- GIVEN DATA
*** Begin section ***

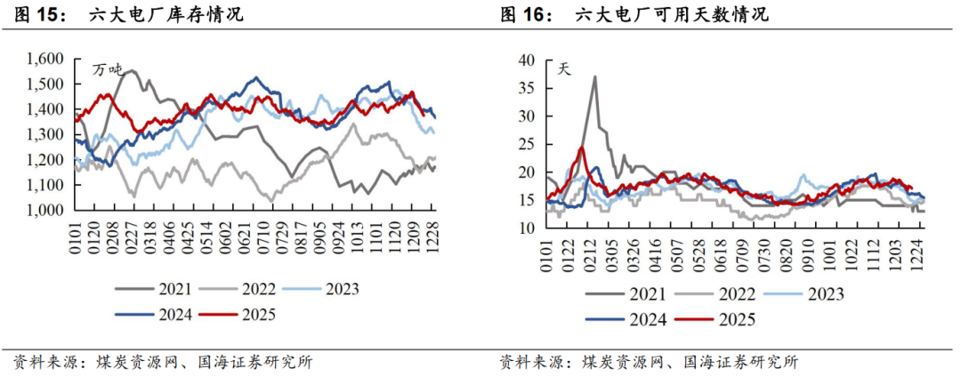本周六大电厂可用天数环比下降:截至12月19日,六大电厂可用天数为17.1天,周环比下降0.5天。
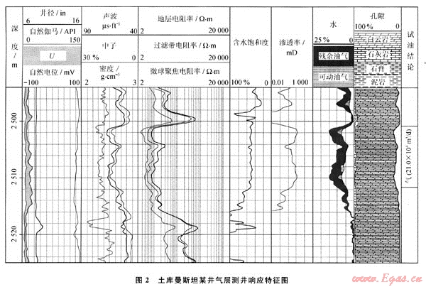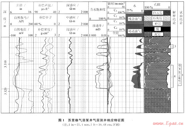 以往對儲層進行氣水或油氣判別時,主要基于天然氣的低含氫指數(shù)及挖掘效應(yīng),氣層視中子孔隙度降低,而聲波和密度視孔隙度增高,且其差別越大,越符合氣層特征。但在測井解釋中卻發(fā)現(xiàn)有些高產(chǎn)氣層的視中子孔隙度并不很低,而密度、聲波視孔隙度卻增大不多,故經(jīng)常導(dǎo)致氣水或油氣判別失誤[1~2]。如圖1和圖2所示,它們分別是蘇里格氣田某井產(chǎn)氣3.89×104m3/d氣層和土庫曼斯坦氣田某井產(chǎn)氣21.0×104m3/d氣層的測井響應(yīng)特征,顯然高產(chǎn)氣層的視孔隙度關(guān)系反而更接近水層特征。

*** End section ***
*** Begin section ***

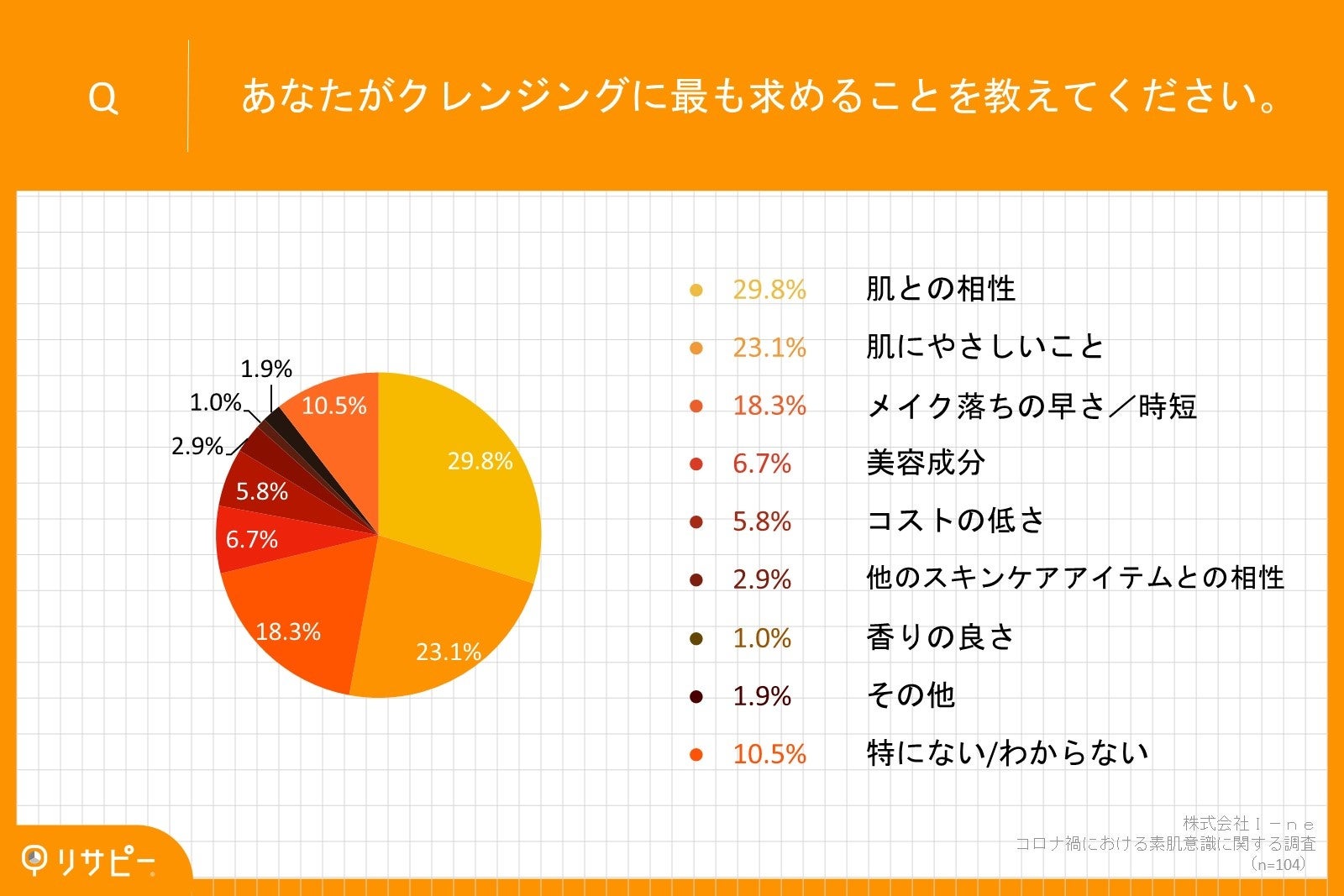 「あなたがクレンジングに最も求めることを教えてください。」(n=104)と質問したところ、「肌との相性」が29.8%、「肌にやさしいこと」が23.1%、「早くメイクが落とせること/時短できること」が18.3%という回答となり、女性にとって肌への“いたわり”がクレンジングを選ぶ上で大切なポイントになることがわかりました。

*** End section ***
*** Begin section ***

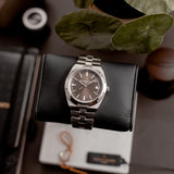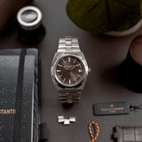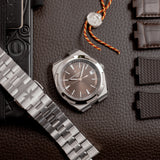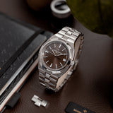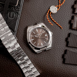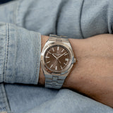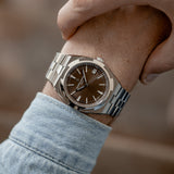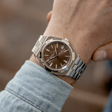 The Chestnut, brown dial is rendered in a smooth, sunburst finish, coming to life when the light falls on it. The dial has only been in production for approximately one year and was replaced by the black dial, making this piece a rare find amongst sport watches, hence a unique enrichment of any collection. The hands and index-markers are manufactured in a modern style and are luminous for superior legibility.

*** End section ***

- WHAT THE TASK REQUIRES
Using the data above, output the line that has "本周六大电厂可用天数环比下降", the line that has "以往對儲層進行氣水或油氣判別", and whatever lines fall between, each exactly as it stands and without pictures.

- ANSWER FOR THIS EXERCISE
本周六大电厂可用天数环比下降:截至12月19日,六大电厂可用天数为17.1天,周环比下降0.5天。
 以往對儲層進行氣水或油氣判別時,主要基于天然氣的低含氫指數(shù)及挖掘效應(yīng),氣層視中子孔隙度降低,而聲波和密度視孔隙度增高,且其差別越大,越符合氣層特征。但在測井解釋中卻發(fā)現(xiàn)有些高產(chǎn)氣層的視中子孔隙度并不很低,而密度、聲波視孔隙度卻增大不多,故經(jīng)常導(dǎo)致氣水或油氣判別失誤[1~2]。如圖1和圖2所示,它們分別是蘇里格氣田某井產(chǎn)氣3.89×104m3/d氣層和土庫曼斯坦氣田某井產(chǎn)氣21.0×104m3/d氣層的測井響應(yīng)特征,顯然高產(chǎn)氣層的視孔隙度關(guān)系反而更接近水層特征。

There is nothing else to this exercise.